Return only the lines of the listing below that run from the line with "- [Easy Installation]" through the line with "4月30日上午,纪念五四运动", both ends included, exactly as written.

▶ Records provided
-*-*-

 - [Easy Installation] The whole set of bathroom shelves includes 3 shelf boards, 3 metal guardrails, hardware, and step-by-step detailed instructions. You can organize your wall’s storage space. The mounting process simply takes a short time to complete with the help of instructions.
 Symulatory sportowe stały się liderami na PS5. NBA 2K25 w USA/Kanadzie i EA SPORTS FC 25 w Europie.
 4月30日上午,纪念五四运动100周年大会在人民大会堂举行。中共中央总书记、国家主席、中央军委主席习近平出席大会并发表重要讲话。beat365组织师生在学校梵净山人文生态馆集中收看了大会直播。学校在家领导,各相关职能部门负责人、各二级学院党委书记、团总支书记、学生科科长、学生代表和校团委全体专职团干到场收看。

-*-*-

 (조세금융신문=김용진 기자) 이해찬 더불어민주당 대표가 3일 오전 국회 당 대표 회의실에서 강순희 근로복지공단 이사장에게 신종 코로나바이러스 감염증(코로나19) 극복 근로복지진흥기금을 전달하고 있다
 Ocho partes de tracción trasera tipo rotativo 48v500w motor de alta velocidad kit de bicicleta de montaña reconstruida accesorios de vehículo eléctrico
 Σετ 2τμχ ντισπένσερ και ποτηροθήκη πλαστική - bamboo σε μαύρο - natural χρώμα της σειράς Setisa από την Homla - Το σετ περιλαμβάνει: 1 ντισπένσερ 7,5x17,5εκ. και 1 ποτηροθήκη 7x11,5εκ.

-*-*-

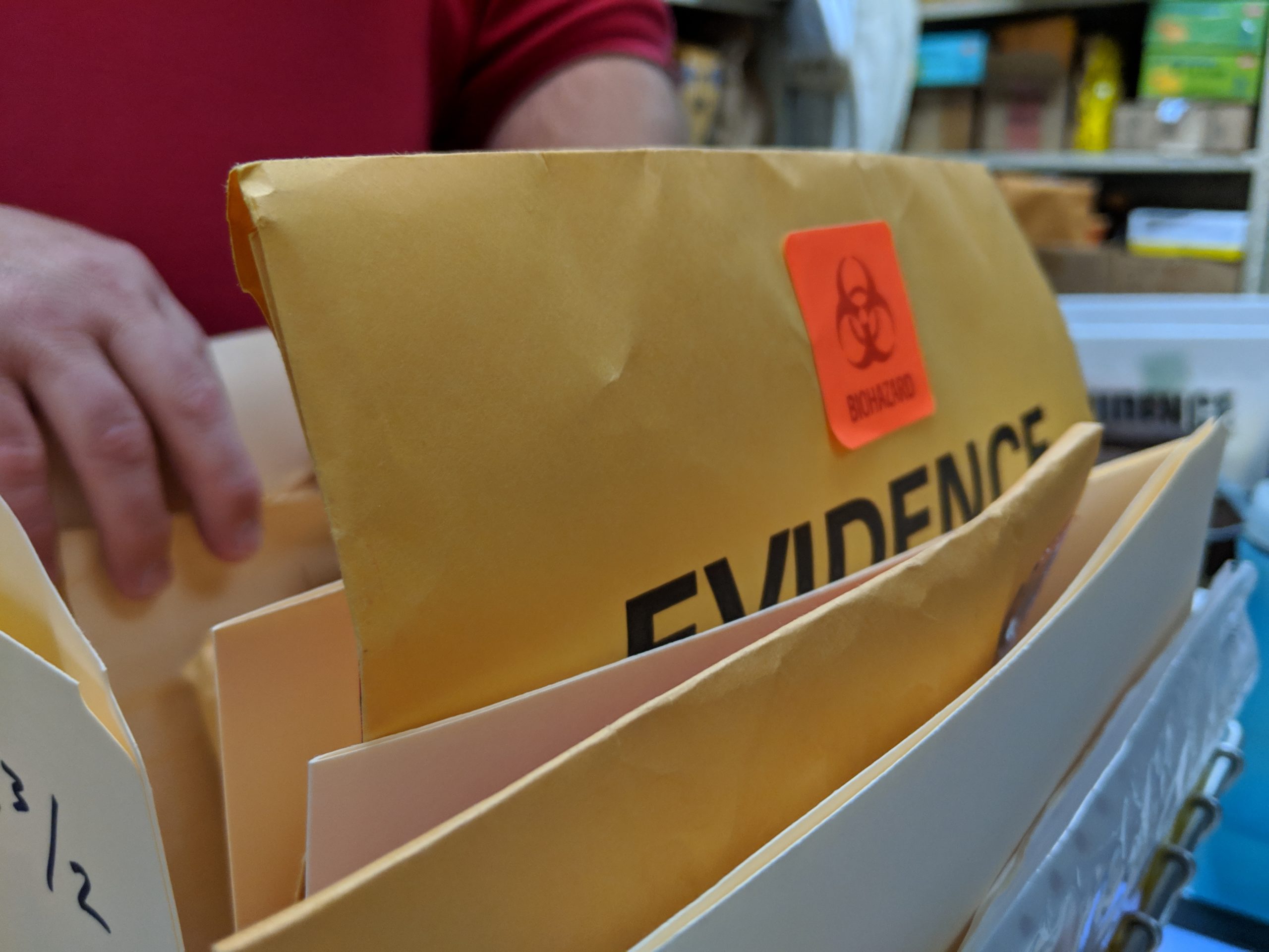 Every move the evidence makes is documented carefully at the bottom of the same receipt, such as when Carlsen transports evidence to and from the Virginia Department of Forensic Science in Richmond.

-*-*-

▶ Response to the task
 - [Easy Installation] The whole set of bathroom shelves includes 3 shelf boards, 3 metal guardrails, hardware, and step-by-step detailed instructions. You can organize your wall’s storage space. The mounting process simply takes a short time to complete with the help of instructions.
 Symulatory sportowe stały się liderami na PS5. NBA 2K25 w USA/Kanadzie i EA SPORTS FC 25 w Europie.
 4月30日上午,纪念五四运动100周年大会在人民大会堂举行。中共中央总书记、国家主席、中央军委主席习近平出席大会并发表重要讲话。beat365组织师生在学校梵净山人文生态馆集中收看了大会直播。学校在家领导,各相关职能部门负责人、各二级学院党委书记、团总支书记、学生科科长、学生代表和校团委全体专职团干到场收看。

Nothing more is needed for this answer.